__Problem requirements__
A faithful copy of the listing below is needed, with its pictures left out.

__Given information__

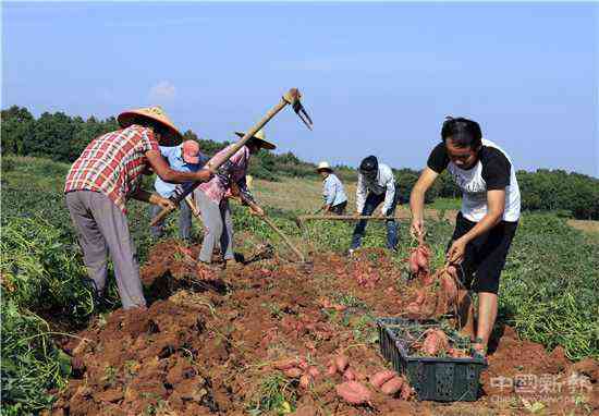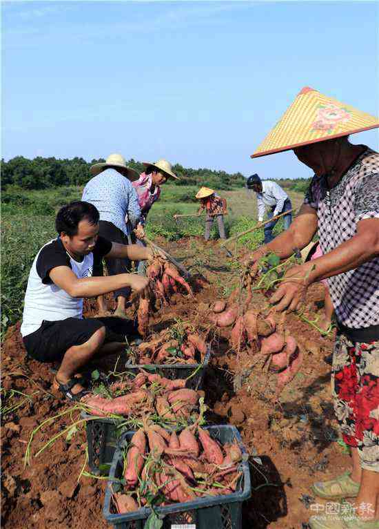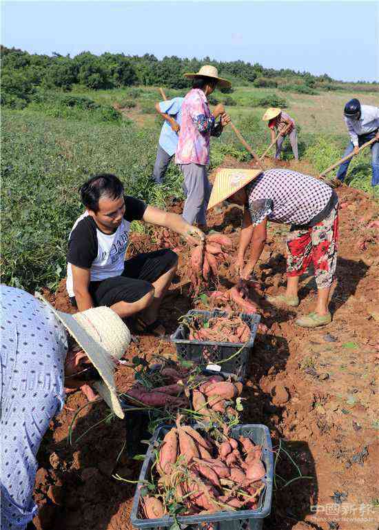中國(guó)新報(bào)(特約記者 巢志斌 攝影報(bào)道)2020年9月5日,安徽省合肥市廬江縣白湖鎮(zhèn)陶沖村蛋黃薯種植基地,村民們正在采收西瓜紅紅薯。
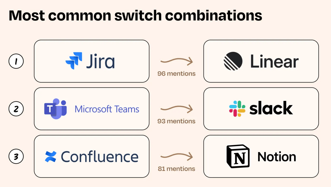 Google Docs remains a go-to for collaboration, but Notion is gaining steam. Notion is seen as “good for everything,” and it’s catching up to the big players, with 37% of respondents preferring it. Notion also came in second place for project management after Jira and fourth place for CRM.
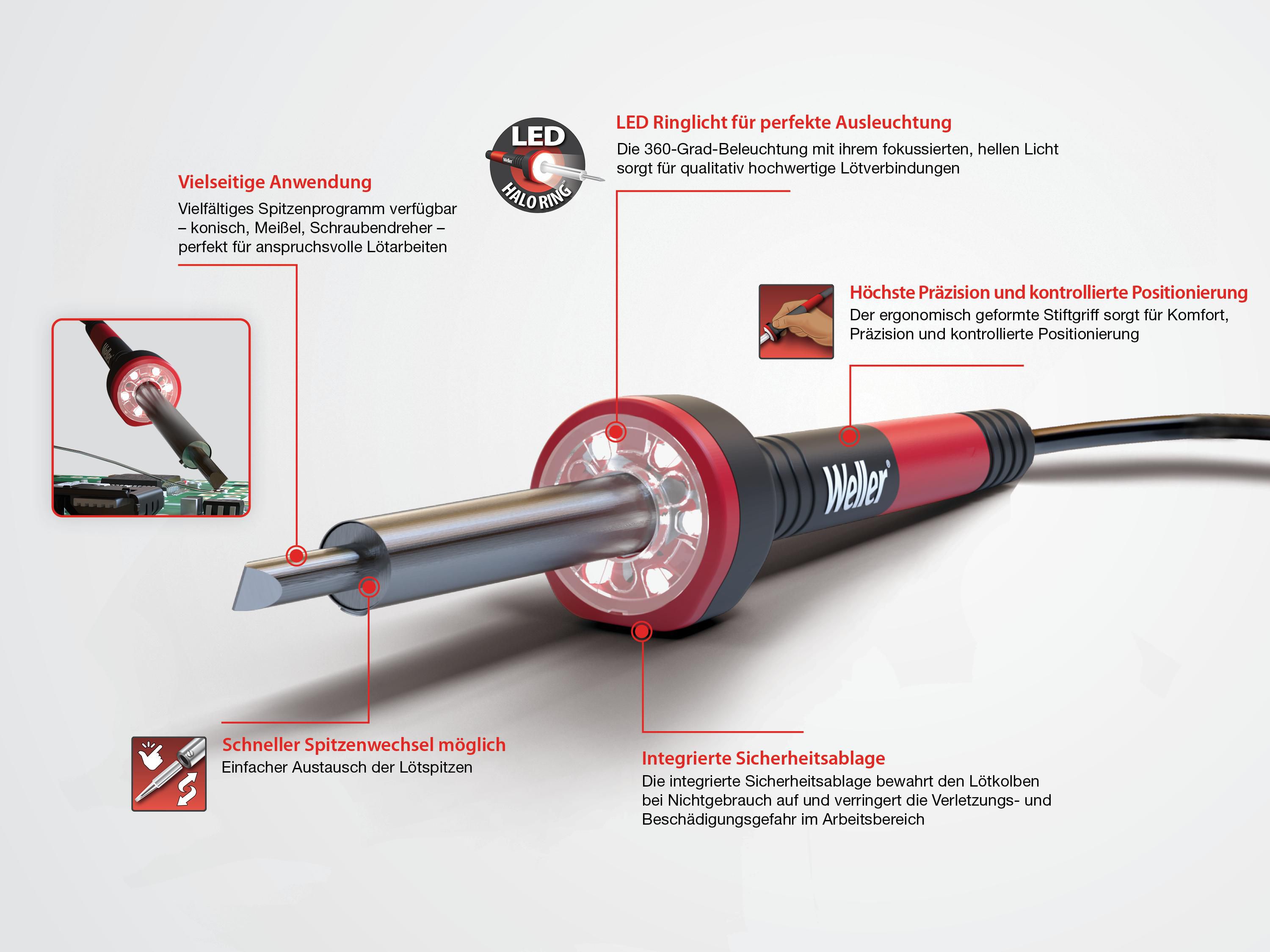 360-Grad-Beleuchtung sorgt für fokussiertes, helles Licht, das qualitativ hochwertige Lötstellen gewährleistet

__Solution to the exercise__
中國(guó)新報(bào)(特約記者 巢志斌 攝影報(bào)道)2020年9月5日,安徽省合肥市廬江縣白湖鎮(zhèn)陶沖村蛋黃薯種植基地,村民們正在采收西瓜紅紅薯。
 Google Docs remains a go-to for collaboration, but Notion is gaining steam. Notion is seen as “good for everything,” and it’s catching up to the big players, with 37% of respondents preferring it. Notion also came in second place for project management after Jira and fourth place for CRM.
 360-Grad-Beleuchtung sorgt für fokussiertes, helles Licht, das qualitativ hochwertige Lötstellen gewährleistet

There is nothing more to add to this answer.